*** Records shown Section Begins ***
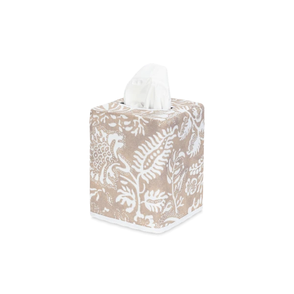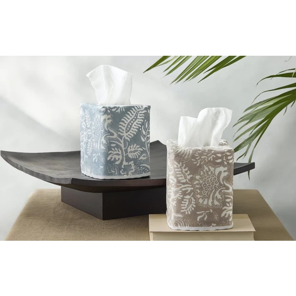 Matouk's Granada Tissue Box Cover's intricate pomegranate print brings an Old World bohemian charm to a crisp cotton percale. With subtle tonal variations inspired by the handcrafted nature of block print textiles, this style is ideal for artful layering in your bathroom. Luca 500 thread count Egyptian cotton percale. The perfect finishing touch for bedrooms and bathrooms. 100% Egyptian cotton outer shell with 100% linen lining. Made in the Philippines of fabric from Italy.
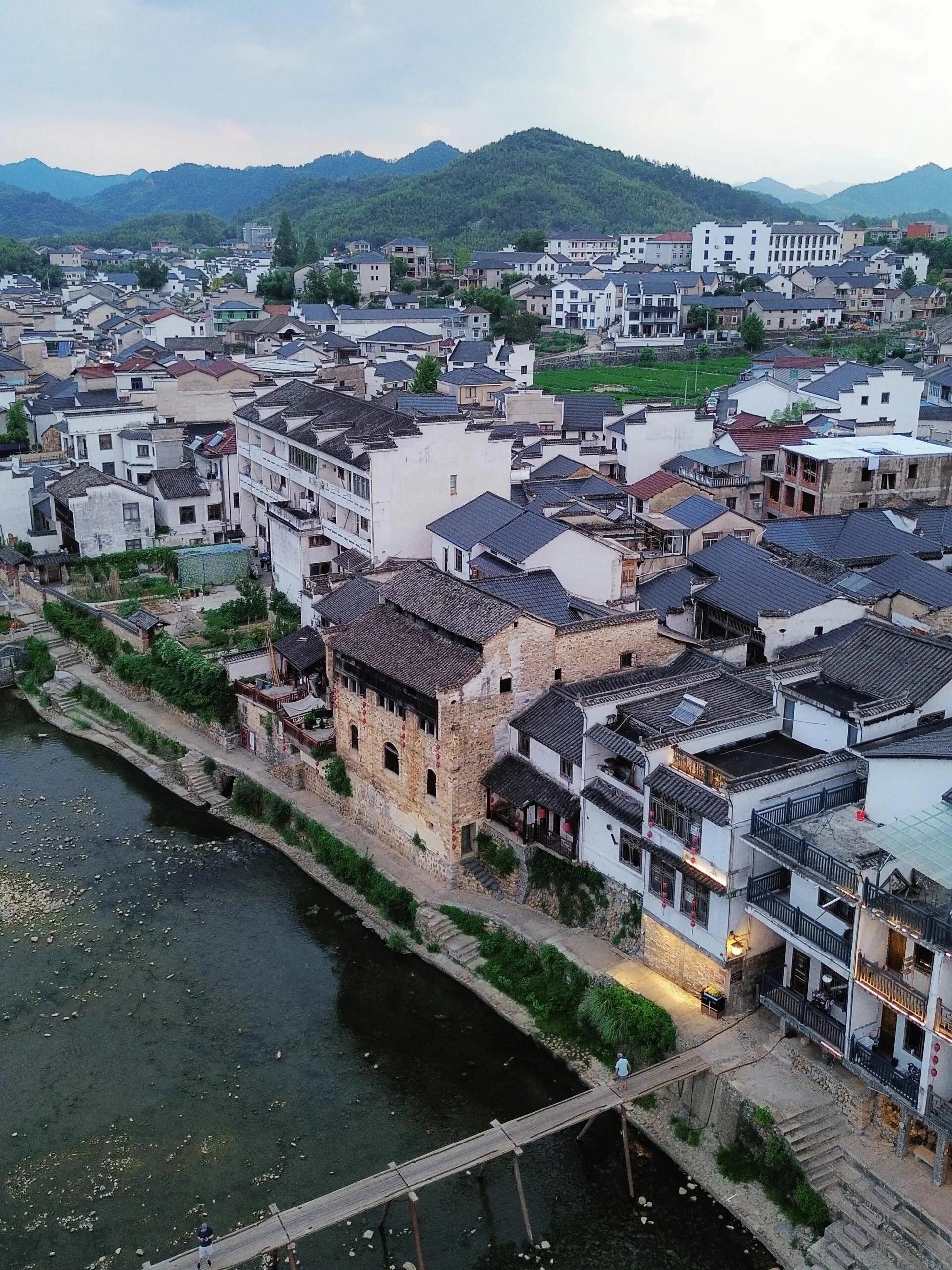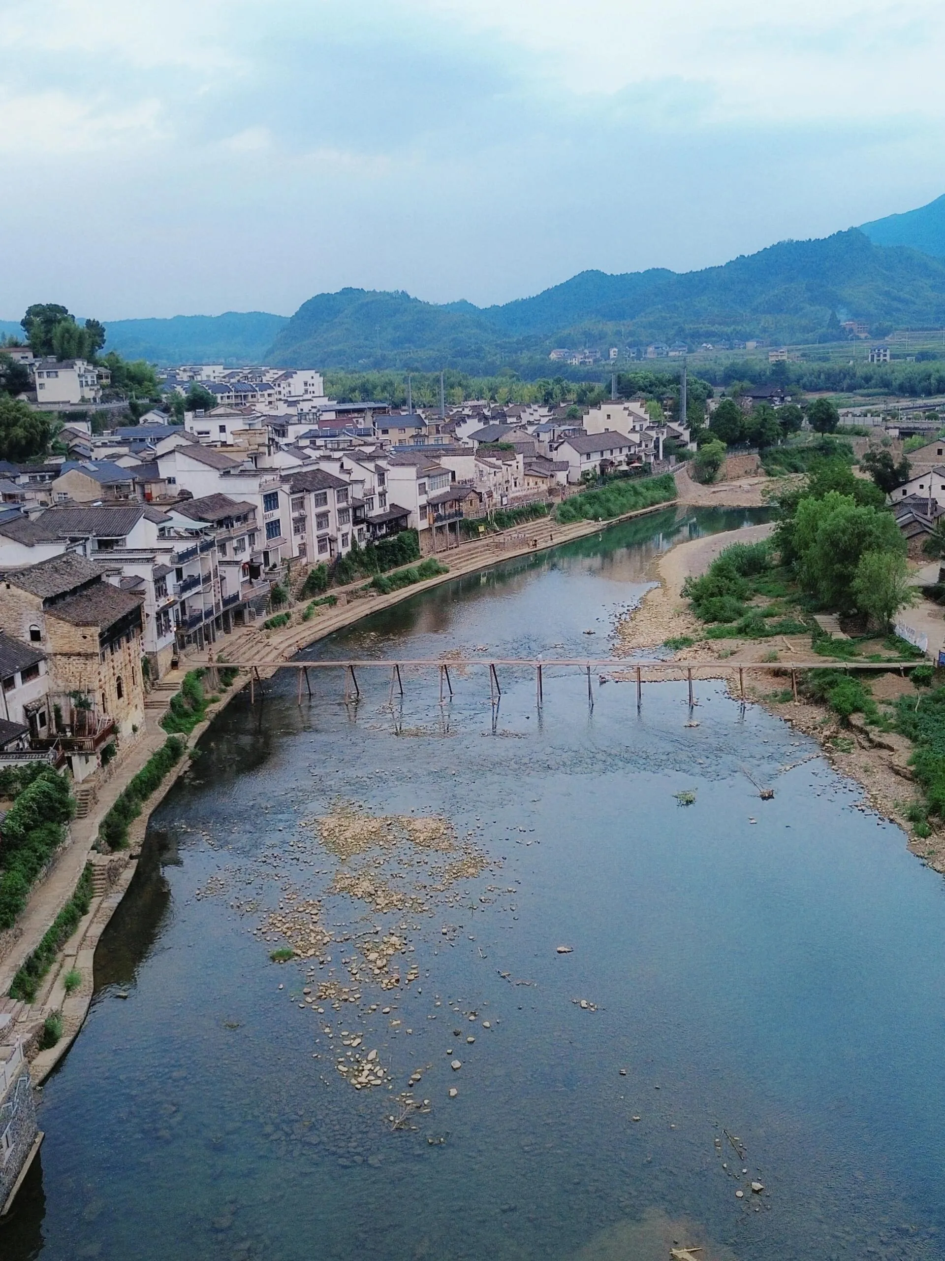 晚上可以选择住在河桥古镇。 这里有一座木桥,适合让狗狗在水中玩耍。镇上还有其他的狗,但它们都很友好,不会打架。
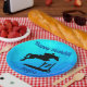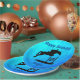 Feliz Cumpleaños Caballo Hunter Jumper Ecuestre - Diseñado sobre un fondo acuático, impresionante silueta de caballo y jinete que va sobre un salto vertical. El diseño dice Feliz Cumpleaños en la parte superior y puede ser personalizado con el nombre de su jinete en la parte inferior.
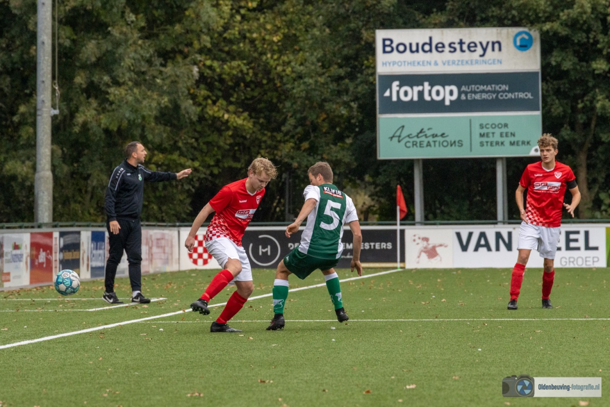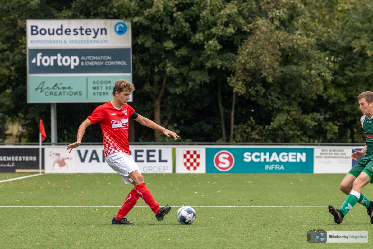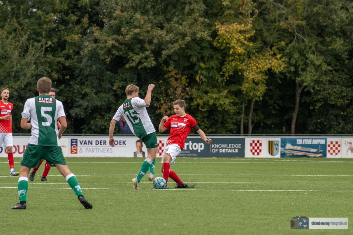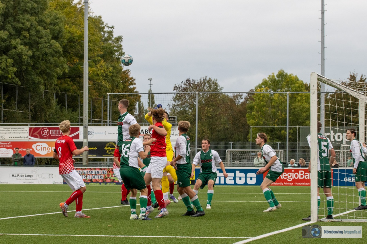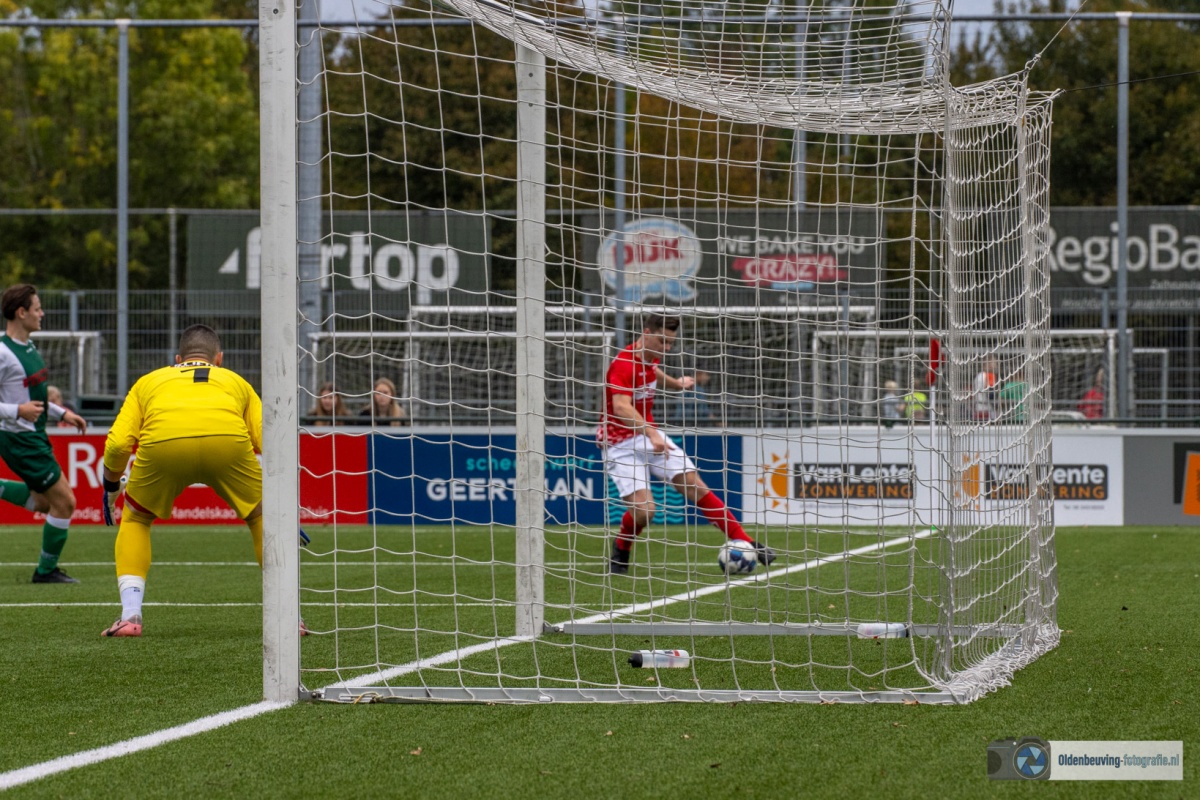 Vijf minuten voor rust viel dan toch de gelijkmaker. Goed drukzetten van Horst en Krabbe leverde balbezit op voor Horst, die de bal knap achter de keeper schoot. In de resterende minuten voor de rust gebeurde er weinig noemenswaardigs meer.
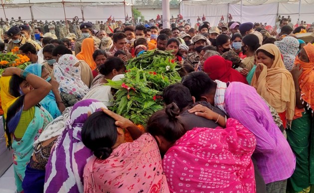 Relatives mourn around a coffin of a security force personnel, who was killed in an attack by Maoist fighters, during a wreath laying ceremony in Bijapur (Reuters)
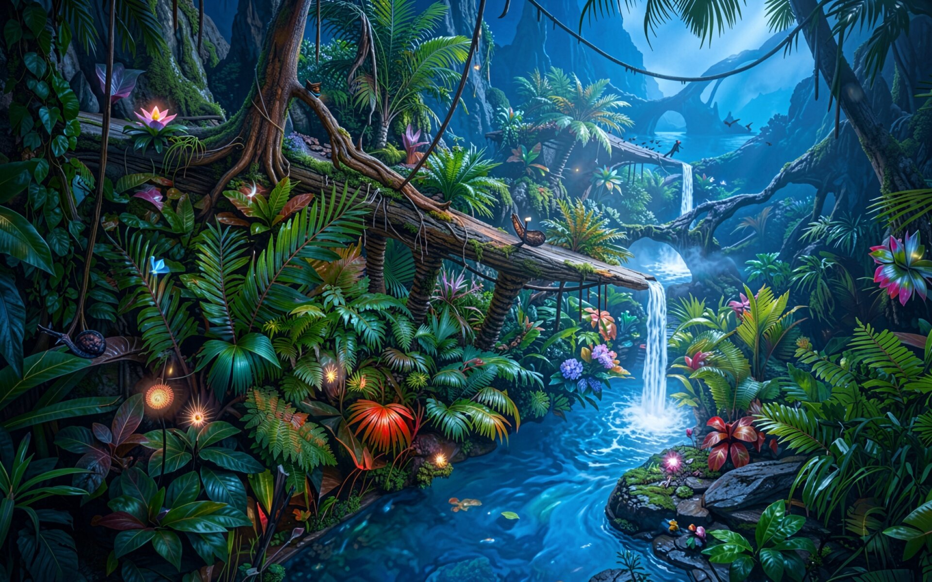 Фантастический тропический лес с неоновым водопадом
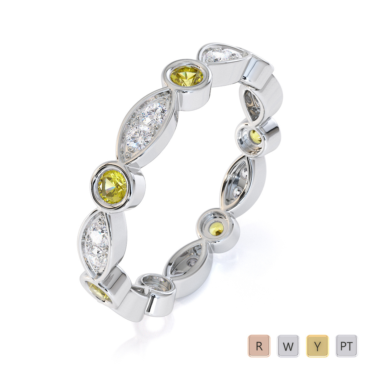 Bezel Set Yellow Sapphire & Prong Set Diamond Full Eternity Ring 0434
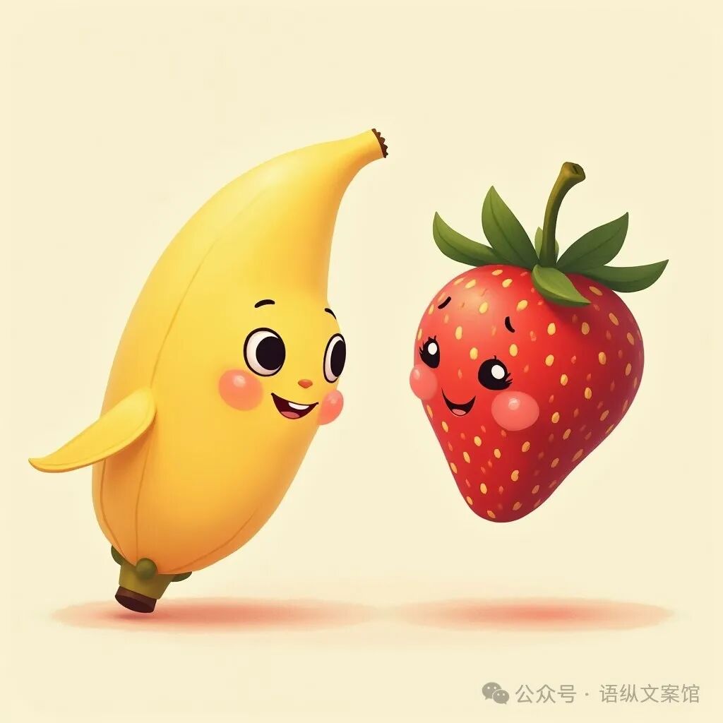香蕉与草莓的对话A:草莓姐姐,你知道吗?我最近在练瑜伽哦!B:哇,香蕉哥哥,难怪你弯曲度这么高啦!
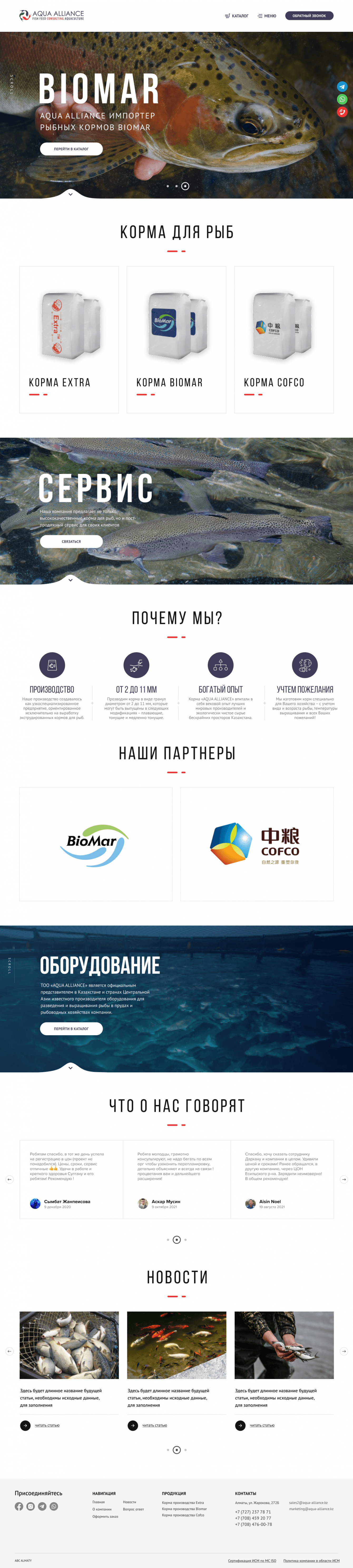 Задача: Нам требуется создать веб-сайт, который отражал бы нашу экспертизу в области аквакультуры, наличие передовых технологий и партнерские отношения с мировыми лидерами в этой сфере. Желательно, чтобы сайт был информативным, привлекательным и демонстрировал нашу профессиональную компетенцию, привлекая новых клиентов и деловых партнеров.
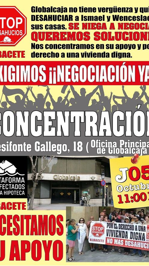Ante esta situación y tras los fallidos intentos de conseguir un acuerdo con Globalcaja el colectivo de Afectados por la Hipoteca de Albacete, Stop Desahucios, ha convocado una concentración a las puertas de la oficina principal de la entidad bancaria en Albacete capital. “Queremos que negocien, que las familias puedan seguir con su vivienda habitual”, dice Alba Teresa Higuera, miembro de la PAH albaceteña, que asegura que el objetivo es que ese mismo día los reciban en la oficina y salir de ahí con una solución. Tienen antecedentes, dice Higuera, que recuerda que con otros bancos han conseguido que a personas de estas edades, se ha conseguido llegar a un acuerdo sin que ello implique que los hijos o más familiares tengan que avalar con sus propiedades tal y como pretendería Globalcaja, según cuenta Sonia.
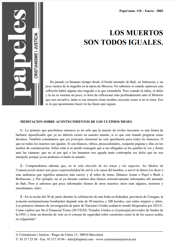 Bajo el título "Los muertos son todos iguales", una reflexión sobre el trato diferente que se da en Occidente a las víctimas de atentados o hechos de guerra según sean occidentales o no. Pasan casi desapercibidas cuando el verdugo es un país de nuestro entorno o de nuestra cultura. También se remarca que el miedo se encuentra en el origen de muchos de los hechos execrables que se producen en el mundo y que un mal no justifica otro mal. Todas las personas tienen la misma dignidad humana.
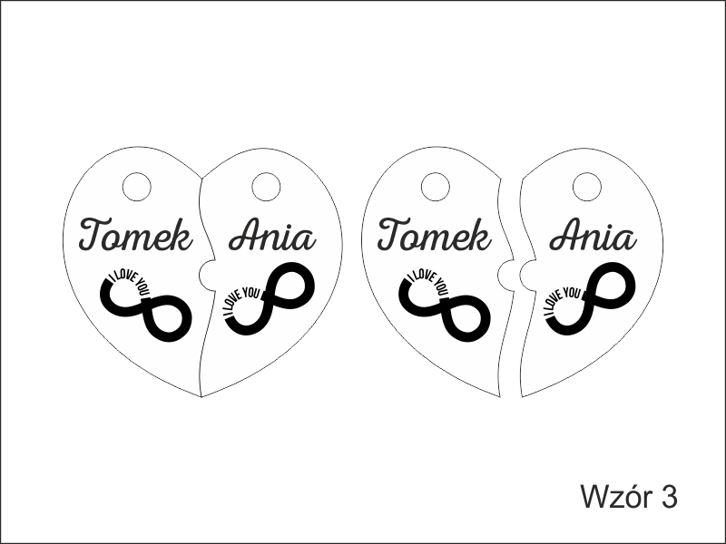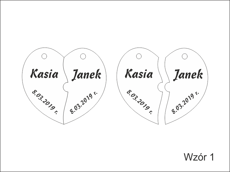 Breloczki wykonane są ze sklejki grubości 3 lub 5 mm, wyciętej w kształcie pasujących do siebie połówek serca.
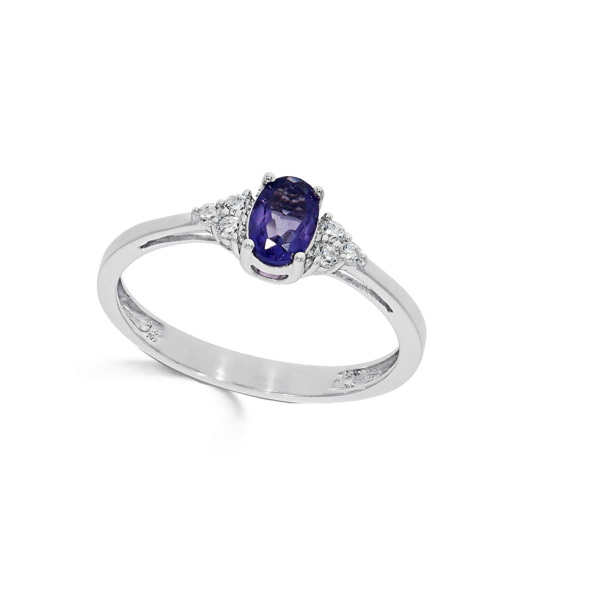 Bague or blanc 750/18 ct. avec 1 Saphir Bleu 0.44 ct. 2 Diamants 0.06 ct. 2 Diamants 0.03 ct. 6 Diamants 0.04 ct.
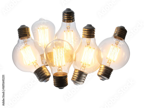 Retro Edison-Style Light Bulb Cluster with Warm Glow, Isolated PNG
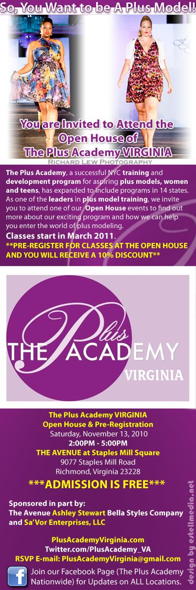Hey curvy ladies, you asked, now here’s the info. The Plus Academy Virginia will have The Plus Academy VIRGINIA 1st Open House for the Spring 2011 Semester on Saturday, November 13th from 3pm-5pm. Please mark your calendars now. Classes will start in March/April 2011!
*** Records shown Section Ends ***
■ Your objective: Please copy the data shown above word for word, omitting the pictures.

■ Task answer:
 Matouk's Granada Tissue Box Cover's intricate pomegranate print brings an Old World bohemian charm to a crisp cotton percale. With subtle tonal variations inspired by the handcrafted nature of block print textiles, this style is ideal for artful layering in your bathroom. Luca 500 thread count Egyptian cotton percale. The perfect finishing touch for bedrooms and bathrooms. 100% Egyptian cotton outer shell with 100% linen lining. Made in the Philippines of fabric from Italy.
 晚上可以选择住在河桥古镇。 这里有一座木桥,适合让狗狗在水中玩耍。镇上还有其他的狗,但它们都很友好,不会打架。
 Feliz Cumpleaños Caballo Hunter Jumper Ecuestre - Diseñado sobre un fondo acuático, impresionante silueta de caballo y jinete que va sobre un salto vertical. El diseño dice Feliz Cumpleaños en la parte superior y puede ser personalizado con el nombre de su jinete en la parte inferior.
 Vijf minuten voor rust viel dan toch de gelijkmaker. Goed drukzetten van Horst en Krabbe leverde balbezit op voor Horst, die de bal knap achter de keeper schoot. In de resterende minuten voor de rust gebeurde er weinig noemenswaardigs meer.
 Relatives mourn around a coffin of a security force personnel, who was killed in an attack by Maoist fighters, during a wreath laying ceremony in Bijapur (Reuters)
 Фантастический тропический лес с неоновым водопадом
 Bezel Set Yellow Sapphire & Prong Set Diamond Full Eternity Ring 0434
香蕉与草莓的对话A:草莓姐姐,你知道吗?我最近在练瑜伽哦!B:哇,香蕉哥哥,难怪你弯曲度这么高啦!
 Задача: Нам требуется создать веб-сайт, который отражал бы нашу экспертизу в области аквакультуры, наличие передовых технологий и партнерские отношения с мировыми лидерами в этой сфере. Желательно, чтобы сайт был информативным, привлекательным и демонстрировал нашу профессиональную компетенцию, привлекая новых клиентов и деловых партнеров.
Ante esta situación y tras los fallidos intentos de conseguir un acuerdo con Globalcaja el colectivo de Afectados por la Hipoteca de Albacete, Stop Desahucios, ha convocado una concentración a las puertas de la oficina principal de la entidad bancaria en Albacete capital. “Queremos que negocien, que las familias puedan seguir con su vivienda habitual”, dice Alba Teresa Higuera, miembro de la PAH albaceteña, que asegura que el objetivo es que ese mismo día los reciban en la oficina y salir de ahí con una solución. Tienen antecedentes, dice Higuera, que recuerda que con otros bancos han conseguido que a personas de estas edades, se ha conseguido llegar a un acuerdo sin que ello implique que los hijos o más familiares tengan que avalar con sus propiedades tal y como pretendería Globalcaja, según cuenta Sonia.
 Bajo el título "Los muertos son todos iguales", una reflexión sobre el trato diferente que se da en Occidente a las víctimas de atentados o hechos de guerra según sean occidentales o no. Pasan casi desapercibidas cuando el verdugo es un país de nuestro entorno o de nuestra cultura. También se remarca que el miedo se encuentra en el origen de muchos de los hechos execrables que se producen en el mundo y que un mal no justifica otro mal. Todas las personas tienen la misma dignidad humana.
 Breloczki wykonane są ze sklejki grubości 3 lub 5 mm, wyciętej w kształcie pasujących do siebie połówek serca.
 Bague or blanc 750/18 ct. avec 1 Saphir Bleu 0.44 ct. 2 Diamants 0.06 ct. 2 Diamants 0.03 ct. 6 Diamants 0.04 ct.
 Retro Edison-Style Light Bulb Cluster with Warm Glow, Isolated PNG
Hey curvy ladies, you asked, now here’s the info. The Plus Academy Virginia will have The Plus Academy VIRGINIA 1st Open House for the Spring 2011 Semester on Saturday, November 13th from 3pm-5pm. Please mark your calendars now. Classes will start in March/April 2011!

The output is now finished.